Sirat follows father Luis and his son Esteban as he searches for his missing daughter. When the film opens, the pair have come to a rave in southern Morocco where they think she might be. They befriend a group of ravers headed to another event deeper in the desert. Luis decides to follow them on a journey that will be harrowing as they fight to get through the challenges presented by the environment. The radio and their own encounters on the road hint at the explosion of a world war happening far away but encroaching into the ravers’ space. It will be hard to talk about this film without spoiling some major moments, so proceed with caution if you have not already seen Sirat.
The Arabic word “sirat” means “path” or “way” and is used in the Islamic religion to talk about a treacherous bridge between their concepts of Heaven and Hell. The metaphor is that to get out of eternal damnation takes a lot of effort and struggle, with most being lost along the way. The journey of our characters in the film reflects this, with a strong focus on the way community is built as we go through the struggles of living, how we mourn collectively knowing it won’t prevent the next moment of loss. We keep going because we have to, for ourselves and those we’ve lost.
The film never lets us forget about the war unfolding in the urban environs, but it never overly focuses on that fact. The characters are feeling some anxiety about this, but it’s not at the forefront of their minds. Instead, they are taking on each obstacle as it arises. They have to ford a river. They have to deal with the accidental ingestion of some LSD. They must brave a treacherous mountain pass. Several of the ravers have physical disabilities, which highlights an ongoing challenge that they have partially adapted to but won’t ever fully be free of. The war is bad, but they aren’t dodging missiles right now.
Director Laxe has a solid understanding of cinematic language and allows tension to develop based on our expectation of tropes. For the first half of the film, I kept expecting the ravers were going to somehow betray Luis and Esteban. That feels like a plot you would see in a movie like this. The ravers are social outcasts, and Luis is so far out of his depth. The film withholds information and keeps the characters separate in their vehicles during the journey, so we don’t see much interaction for a while. Where this film goes, and the moment everything pivots on, was so shockingly unexpected. The moments that follow are going to take you through an emotional ringer of grief, quickly followed by your jaw hitting the floor.
The apocalypse is an ever-present motif in the film. The location is desolate; our characters are the only sign of life across it all. As the group is pushing over a mountain during a rainstorm, one person remarks that this feels like the end of the world, and another replies, “It’s been the end of the world for a long time.” In the last few years, especially while living in the Netherlands, I developed a strong sense of existential dread. There were moments, especially during the thick, clouded winters there while reading news about the genocide in Gaza and other world events, that I felt like this was the end of all things. These words come from the mouth of a raver who doesn’t live cowering, glancing up at the sky, looking for bombs.

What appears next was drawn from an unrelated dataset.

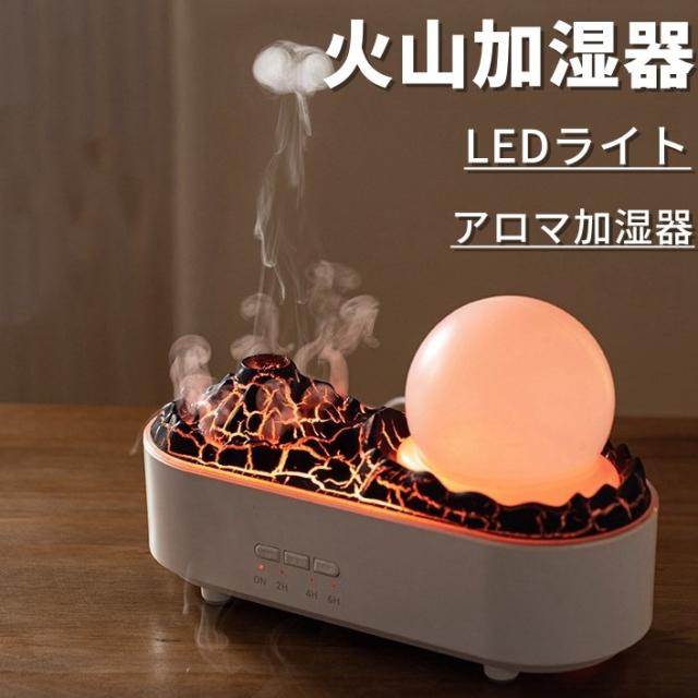 火山加湿器 アロマ ディフューザー 3色LEDライト アロマ加湿器 小型加湿器 USB充電式 卓上加湿器 超音波加湿器 大容量 おしゃれ 静音 乾燥対策

My favorite scene in the picture comes close to the end, where our characters have just faced something horrific. They are regrouping on a flat, and the ravers decide to unload their speakers, blast their music, and dance. In the States, we’re living in an era of intense cynicism, where displays of earnest emotion get shit on pretty regularly. In this moment of the film, characters dance. They are not choreographed; they move only the way their hearts and the music tell them. Luis also joins in, weeping as he dances. As someone who has never gotten into this subculture, the moment offered a brief window into understanding. I could feel the grief in their movement, and it brought tears to my eyes.
This brief respite is cut short by another horrifying moment in the journey. Grief switches to panic. This is followed by a greater sense of desolation. The environment around our characters doesn’t care about them and will wipe them off the map without ever contemplating human presence in the first place. But isn’t that the nature of life? We find moments in the struggle to celebrate, to grieve, to dance, and then are suddenly thrust back on the journey. A character explains that the music in rave culture is not there to be listened to, but danced to, and that is the core of the film.
I wake up often these days knowing how bad things are and that they are likely to worsen in time. Yet, I don’t feel the dread that I used to. I don’t hold some candy-colored optimism, but an understanding that we live one moment at a time in a universe that is unaware of us. The meaning we derive won’t come from the universe or even the societies we live in as they descend into forever wars. The meaning that fulfills us comes from within and among communities of people. The rave culture we see is just one of those communities. How you understand that connection exists beyond what can be explained in words, rather as a more visceral emotional feeling. We’re all walking along the sirat; the best we can do is stop and commune with those on the same journey.